● MATERIAL SHOWN
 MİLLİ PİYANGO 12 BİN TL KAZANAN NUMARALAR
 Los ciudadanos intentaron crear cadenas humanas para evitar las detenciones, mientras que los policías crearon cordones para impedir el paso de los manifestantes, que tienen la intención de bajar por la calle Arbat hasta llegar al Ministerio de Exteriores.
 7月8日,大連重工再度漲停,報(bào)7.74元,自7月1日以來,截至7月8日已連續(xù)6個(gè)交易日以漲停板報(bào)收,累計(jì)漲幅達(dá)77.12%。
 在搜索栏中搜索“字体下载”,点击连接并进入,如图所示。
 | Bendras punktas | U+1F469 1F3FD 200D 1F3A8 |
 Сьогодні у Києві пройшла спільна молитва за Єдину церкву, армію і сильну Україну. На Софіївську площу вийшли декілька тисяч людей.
--
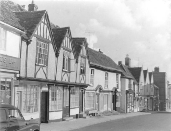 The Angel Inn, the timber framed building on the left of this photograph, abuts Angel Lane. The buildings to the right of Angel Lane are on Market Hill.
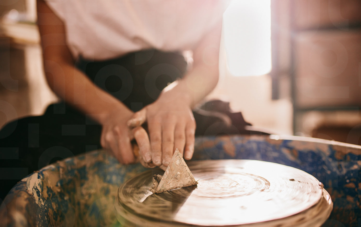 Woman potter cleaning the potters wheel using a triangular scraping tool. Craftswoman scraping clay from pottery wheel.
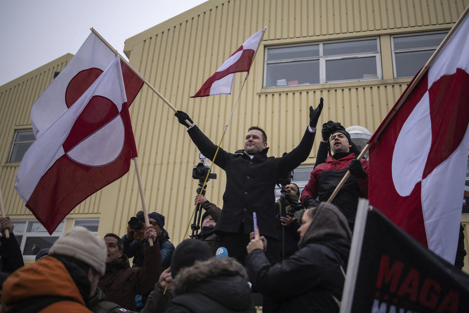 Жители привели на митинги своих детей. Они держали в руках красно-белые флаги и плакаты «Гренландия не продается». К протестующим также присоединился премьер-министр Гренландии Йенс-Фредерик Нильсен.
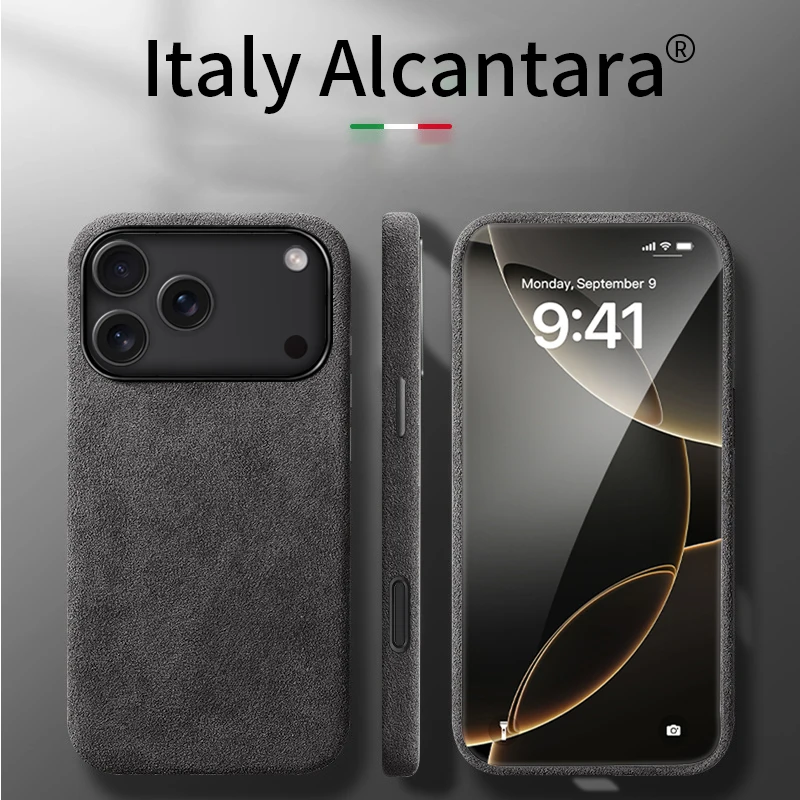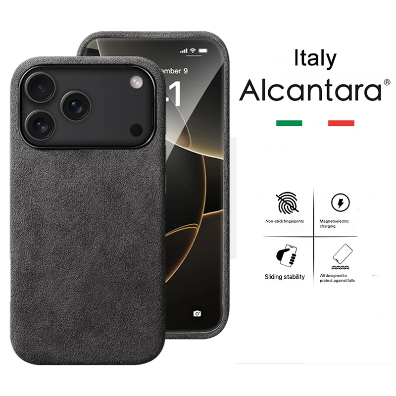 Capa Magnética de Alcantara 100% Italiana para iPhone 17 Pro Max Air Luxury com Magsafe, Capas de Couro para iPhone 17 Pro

● ASSIGNMENT
After locating the line containing "Жители привели на" in the entries above, return it and every line after it exactly, ending at the line containing "Capa Magnética de", without pictures.

● ANSWER SPACE
 Жители привели на митинги своих детей. Они держали в руках красно-белые флаги и плакаты «Гренландия не продается». К протестующим также присоединился премьер-министр Гренландии Йенс-Фредерик Нильсен.
 Capa Magnética de Alcantara 100% Italiana para iPhone 17 Pro Max Air Luxury com Magsafe, Capas de Couro para iPhone 17 Pro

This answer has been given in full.